Battery can degrade from a number of reasons, but the main 2 reasons are extreme temperature (especially hot temperatures) and keeping the battery fully charged for a long time without discharging. But a brand new battery shouldn’t drop 4 - 5% after a software update.
A lot of people, especially Apple fans and so-called mainstream tech reviewers, often do not criticize Apple or point out its flaws. The iPhone is notorious for having poor thermal cooling capabilities, the CPU often gets hot according to thermal tests. Apple doesn’t want to put a copper heatsink or other thermal cooling hardware inside their iPhones. The hot CPU can cause the battery health to degrade sooner. Some Android phones have very good cooling systems, usually a copper heat pipe, a copper vapor chamber, or thermal pads. Another problem is Apple pushing their MagSafe wireless charger, but wireless charging is known to create extreme amounts of heat which significantly lowers the battery health within a short period of time. And also, Apple was so stubborn, they kept using the Apple lightning connector all the way to the iPhone 14 until the EU forced them to switch to USB C on the iPhone 15 and beyond. The Lightning connector is not very efficient and gets hot, especially when fast charging.

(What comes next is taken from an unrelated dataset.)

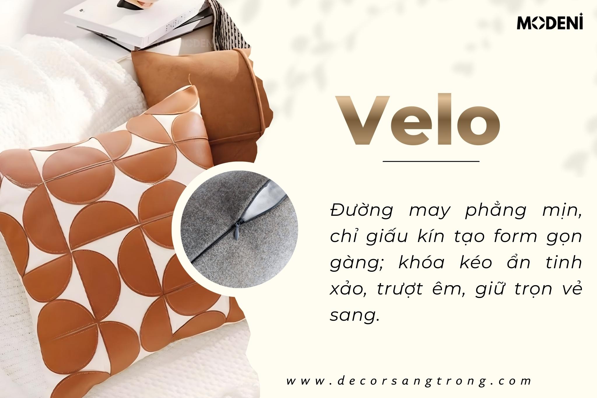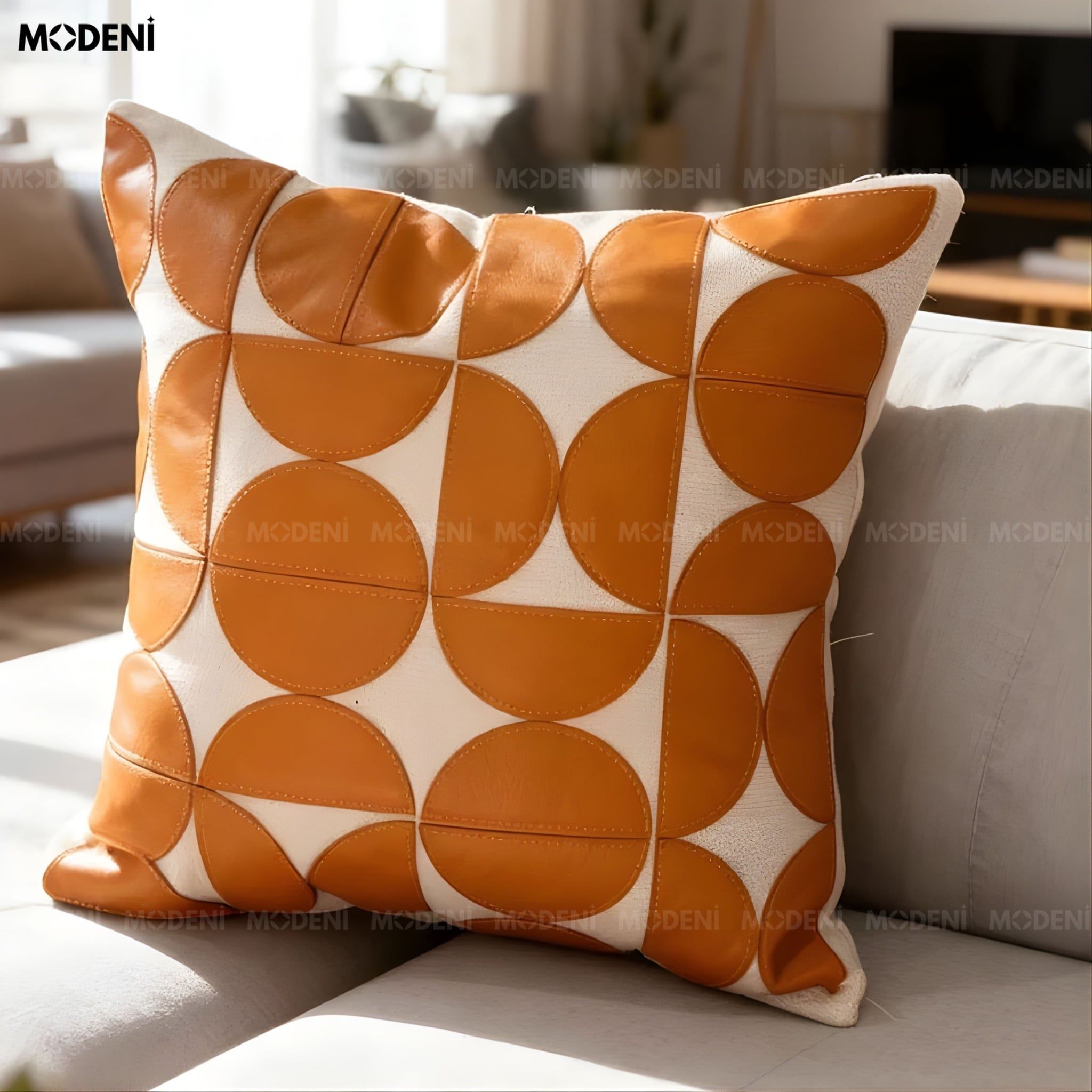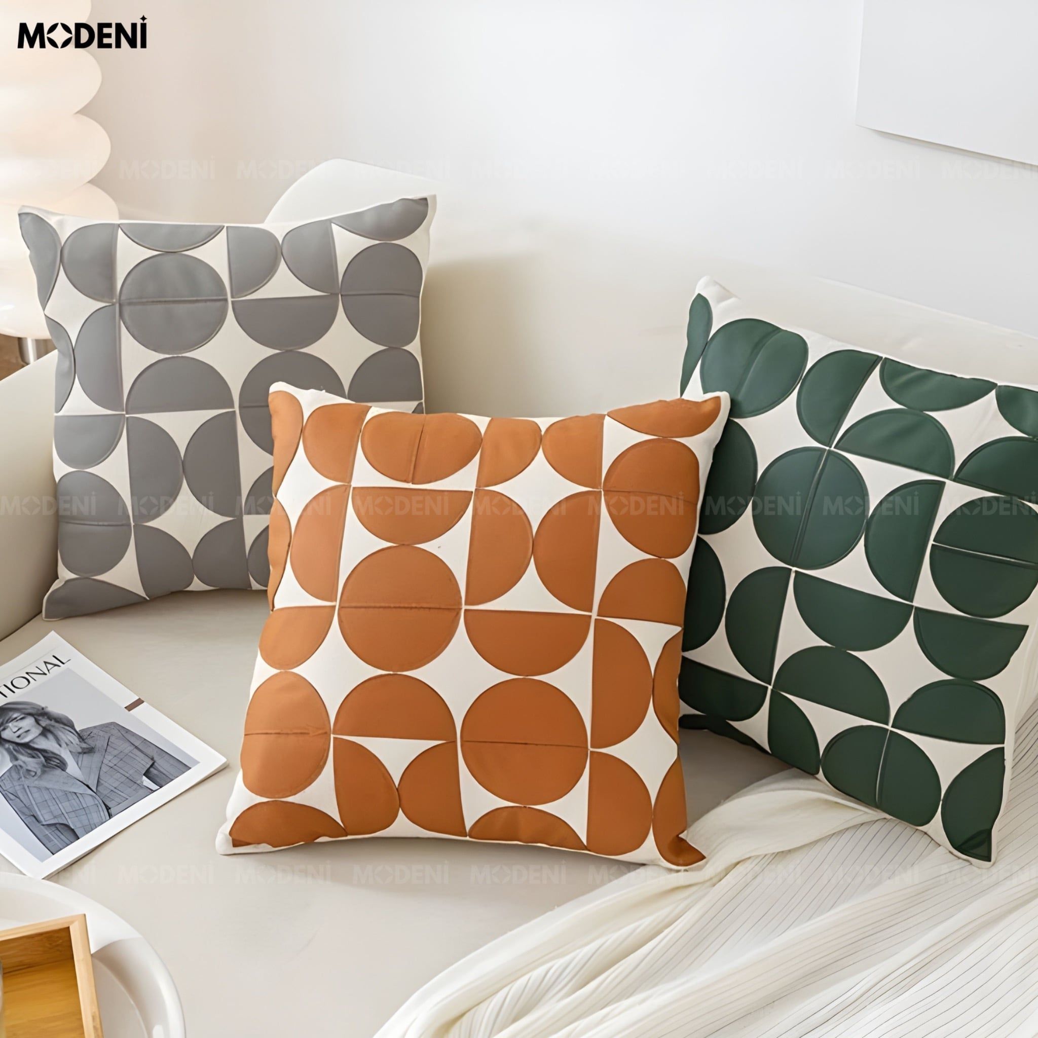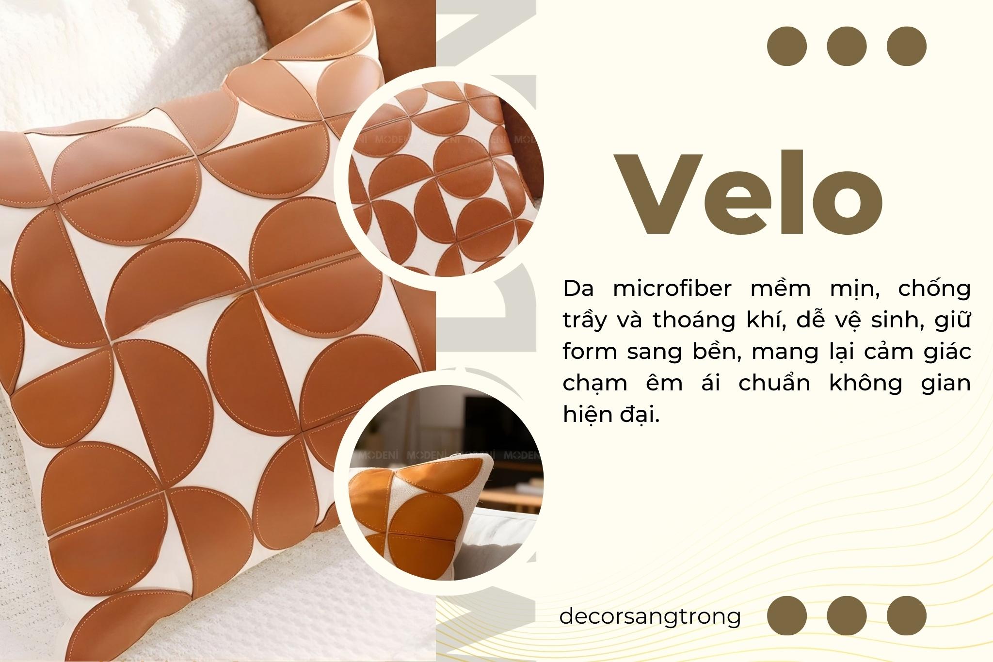 Vỏ Gối Sofa Velo – Da Phối Lanh Họa Tiết Khối Đối Xứng May Bán Nguyệt Phong Cách Funky

So there are other ways the iPhone can get exposed to extreme heat which is not good for the battery health in the long run.
I suspect that Apple may purposely decrease the battery health number after a software update, probably to make people think that their battery health is lower than it actually is. This is because I also saw my battery health drop from 95% to 88% pretty quickly after a software update which was strange.